Его сбили у самого ущелья. Правда, тогда ему удалось спастись. Пятерку возглавил я. Понимал, что в лоб их не взять, нужен маневр. Какой? Передал ребятам: «Делай, как я», – и пошел на всей скорости к тому месту, где сидели «тигры». Взяв чуть правее, я спикировал и, упав на левое крыло, летел так, пока не вышел на танки. У меня было только одно мгновение, чтобы успеть дать залп ракетными снарядами. Я использовал это мгновение, а затем рванулся вверх. Так сделали все пять машин. Проклятые «тигры» были разбиты прямым попаданием. Наша танковая армия продолжала наступление.

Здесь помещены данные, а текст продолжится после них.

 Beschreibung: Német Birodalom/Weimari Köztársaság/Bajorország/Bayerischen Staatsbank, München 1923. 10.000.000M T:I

Позже неподалеку от тех мест погиб мой лучший друг, Герой Советского Союза Евгений Алехнович. Он был немногим старше меня. Добро-
душный и веселый парень, совсем не умел сердиться и мастерски летал. Его знали не только летчики, но и танкисты, с которыми он любил побалагурить, и артиллеристы, которых Женя очень уважал, знали его почерк и гитлеровские летчики. Алехнович никогда не уходил от боя, он не умел этого делать. Меня связывало с ним многое. Как-то во время Корсунь-Шевченковской операции его машину зажгли очередью из эрликона. Женя дотянул до земли, выскочил из кабины и схватился за пистолет – все, что у него оставалось. Я сел рядом с ним и забрал его к себе в машину. Нас расстреливали с земли и с воздуха, но мы все-таки выбрались. После этого случая мы с Алехновичем побратались. Десятки раз летали вместе на охоту, жгли фашистские танки, бомбили батареи. Он никогда не уходил, если видел, что мне приходится туго. Даже если у него не оставалось уже ни одного патрона.

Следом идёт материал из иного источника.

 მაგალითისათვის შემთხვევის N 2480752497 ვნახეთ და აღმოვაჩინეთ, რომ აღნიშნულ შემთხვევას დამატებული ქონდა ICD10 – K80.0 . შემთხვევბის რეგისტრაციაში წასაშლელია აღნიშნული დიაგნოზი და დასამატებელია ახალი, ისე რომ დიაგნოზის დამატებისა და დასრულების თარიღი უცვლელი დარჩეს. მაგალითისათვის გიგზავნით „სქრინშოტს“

Алехнович погиб под . Краковом, выполняя разведывательное задание. Погиб, потому что хотел сфотографировать оборону фашистов на предельно низкой высоте. В этом был весь Женя. Снаряд танка ударил прямо в кабину. В те дни я летал за новой машиной в Куйбышев. А когда вернулся, Алехновича уже не было в живых. После этого я уничтожил еще около 40 танков. Я молил бога, чтобы мне попался тот, который выстрелил тогда в моего друга под Краковом.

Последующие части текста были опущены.